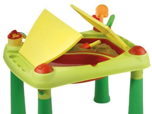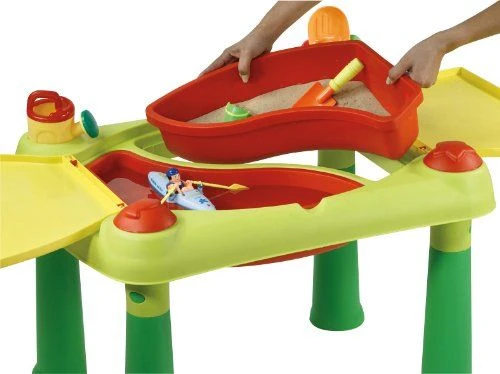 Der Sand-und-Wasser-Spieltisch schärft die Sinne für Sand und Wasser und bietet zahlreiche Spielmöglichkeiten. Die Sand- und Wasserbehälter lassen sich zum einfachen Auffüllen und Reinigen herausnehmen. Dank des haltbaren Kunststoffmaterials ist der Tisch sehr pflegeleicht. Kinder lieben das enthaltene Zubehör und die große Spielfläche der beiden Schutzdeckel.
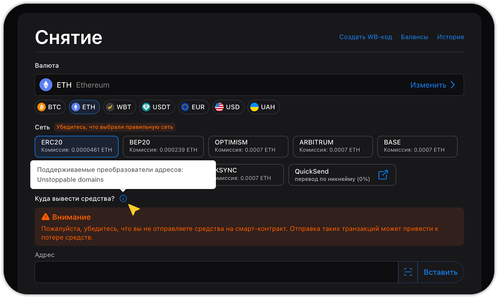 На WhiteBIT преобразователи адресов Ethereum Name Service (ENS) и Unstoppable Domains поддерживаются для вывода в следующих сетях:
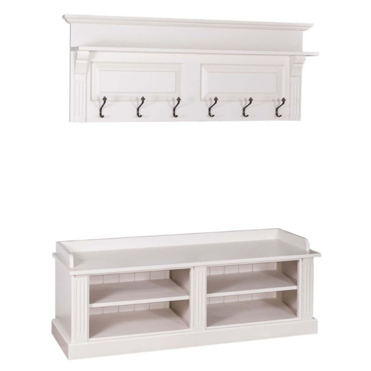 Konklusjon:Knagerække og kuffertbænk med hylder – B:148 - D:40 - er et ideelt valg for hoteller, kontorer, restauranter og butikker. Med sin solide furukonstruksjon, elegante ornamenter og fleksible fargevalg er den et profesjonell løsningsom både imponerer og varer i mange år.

——

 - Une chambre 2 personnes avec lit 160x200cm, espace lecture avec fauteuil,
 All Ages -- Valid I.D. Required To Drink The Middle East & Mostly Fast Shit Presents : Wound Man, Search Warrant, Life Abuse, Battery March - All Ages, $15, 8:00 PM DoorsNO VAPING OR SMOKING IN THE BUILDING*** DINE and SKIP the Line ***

——

### EXERCISE PROMPT:
Scan the entries above for the line containing "- Une chambre", and copy it and all lines after it exactly, down to and including the line containing "All Ages -- Valid".

### SOLUTION TO THIS EXERCISE:
 - Une chambre 2 personnes avec lit 160x200cm, espace lecture avec fauteuil,
 All Ages -- Valid I.D. Required To Drink The Middle East & Mostly Fast Shit Presents : Wound Man, Search Warrant, Life Abuse, Battery March - All Ages, $15, 8:00 PM DoorsNO VAPING OR SMOKING IN THE BUILDING*** DINE and SKIP the Line ***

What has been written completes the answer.